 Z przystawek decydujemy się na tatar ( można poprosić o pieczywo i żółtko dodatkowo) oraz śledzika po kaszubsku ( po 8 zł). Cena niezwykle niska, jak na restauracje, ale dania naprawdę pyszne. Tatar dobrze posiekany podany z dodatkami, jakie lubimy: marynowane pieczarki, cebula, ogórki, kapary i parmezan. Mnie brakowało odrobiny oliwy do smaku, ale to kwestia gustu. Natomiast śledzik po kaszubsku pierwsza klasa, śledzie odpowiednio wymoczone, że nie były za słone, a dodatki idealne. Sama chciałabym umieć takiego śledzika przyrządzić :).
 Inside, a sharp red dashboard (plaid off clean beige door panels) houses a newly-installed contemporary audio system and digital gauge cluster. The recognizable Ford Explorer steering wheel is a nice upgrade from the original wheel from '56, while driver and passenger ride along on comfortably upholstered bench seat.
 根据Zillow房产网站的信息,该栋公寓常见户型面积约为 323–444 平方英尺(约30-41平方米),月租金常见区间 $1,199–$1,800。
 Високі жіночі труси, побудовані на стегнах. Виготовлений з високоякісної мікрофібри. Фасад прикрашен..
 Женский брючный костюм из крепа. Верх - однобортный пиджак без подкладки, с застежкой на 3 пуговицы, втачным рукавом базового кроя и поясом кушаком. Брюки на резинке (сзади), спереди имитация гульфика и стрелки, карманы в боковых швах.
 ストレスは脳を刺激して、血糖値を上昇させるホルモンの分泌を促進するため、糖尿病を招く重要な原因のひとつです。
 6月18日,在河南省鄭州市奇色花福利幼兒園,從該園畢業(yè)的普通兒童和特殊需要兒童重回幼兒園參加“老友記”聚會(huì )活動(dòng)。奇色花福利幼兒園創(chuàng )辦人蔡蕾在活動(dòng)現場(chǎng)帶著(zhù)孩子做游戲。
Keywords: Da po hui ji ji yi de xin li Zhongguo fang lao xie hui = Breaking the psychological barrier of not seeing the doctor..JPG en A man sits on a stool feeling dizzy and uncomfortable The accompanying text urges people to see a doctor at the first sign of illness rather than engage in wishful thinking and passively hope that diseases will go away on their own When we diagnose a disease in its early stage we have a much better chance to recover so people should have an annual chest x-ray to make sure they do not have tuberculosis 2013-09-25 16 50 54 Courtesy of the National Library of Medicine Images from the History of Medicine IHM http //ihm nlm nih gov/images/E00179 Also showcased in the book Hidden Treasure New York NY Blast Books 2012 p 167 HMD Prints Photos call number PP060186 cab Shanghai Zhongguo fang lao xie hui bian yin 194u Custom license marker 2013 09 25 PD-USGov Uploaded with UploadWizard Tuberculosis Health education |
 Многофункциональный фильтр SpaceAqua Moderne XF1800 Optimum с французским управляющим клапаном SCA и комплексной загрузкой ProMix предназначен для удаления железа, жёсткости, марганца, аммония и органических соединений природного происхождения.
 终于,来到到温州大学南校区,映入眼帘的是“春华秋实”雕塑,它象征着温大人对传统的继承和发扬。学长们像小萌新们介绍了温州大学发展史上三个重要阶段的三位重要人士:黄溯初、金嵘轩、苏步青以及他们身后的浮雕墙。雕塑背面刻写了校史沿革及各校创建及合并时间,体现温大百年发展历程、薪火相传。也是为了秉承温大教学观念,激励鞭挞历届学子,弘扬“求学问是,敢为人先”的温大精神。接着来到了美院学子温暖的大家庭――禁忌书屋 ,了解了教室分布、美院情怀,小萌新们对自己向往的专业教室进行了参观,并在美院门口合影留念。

┄┄┄┄┄┄┄┄┄┄

• [Problem statement]: All lines from the one containing "Многофункциональный фильтр SpaceAqua" through the end of the data, and no others, are to be given again word for word.

• [Completed task]:
 Многофункциональный фильтр SpaceAqua Moderne XF1800 Optimum с французским управляющим клапаном SCA и комплексной загрузкой ProMix предназначен для удаления железа, жёсткости, марганца, аммония и органических соединений природного происхождения.
 终于,来到到温州大学南校区,映入眼帘的是“春华秋实”雕塑,它象征着温大人对传统的继承和发扬。学长们像小萌新们介绍了温州大学发展史上三个重要阶段的三位重要人士:黄溯初、金嵘轩、苏步青以及他们身后的浮雕墙。雕塑背面刻写了校史沿革及各校创建及合并时间,体现温大百年发展历程、薪火相传。也是为了秉承温大教学观念,激励鞭挞历届学子,弘扬“求学问是,敢为人先”的温大精神。接着来到了美院学子温暖的大家庭――禁忌书屋 ,了解了教室分布、美院情怀,小萌新们对自己向往的专业教室进行了参观,并在美院门口合影留念。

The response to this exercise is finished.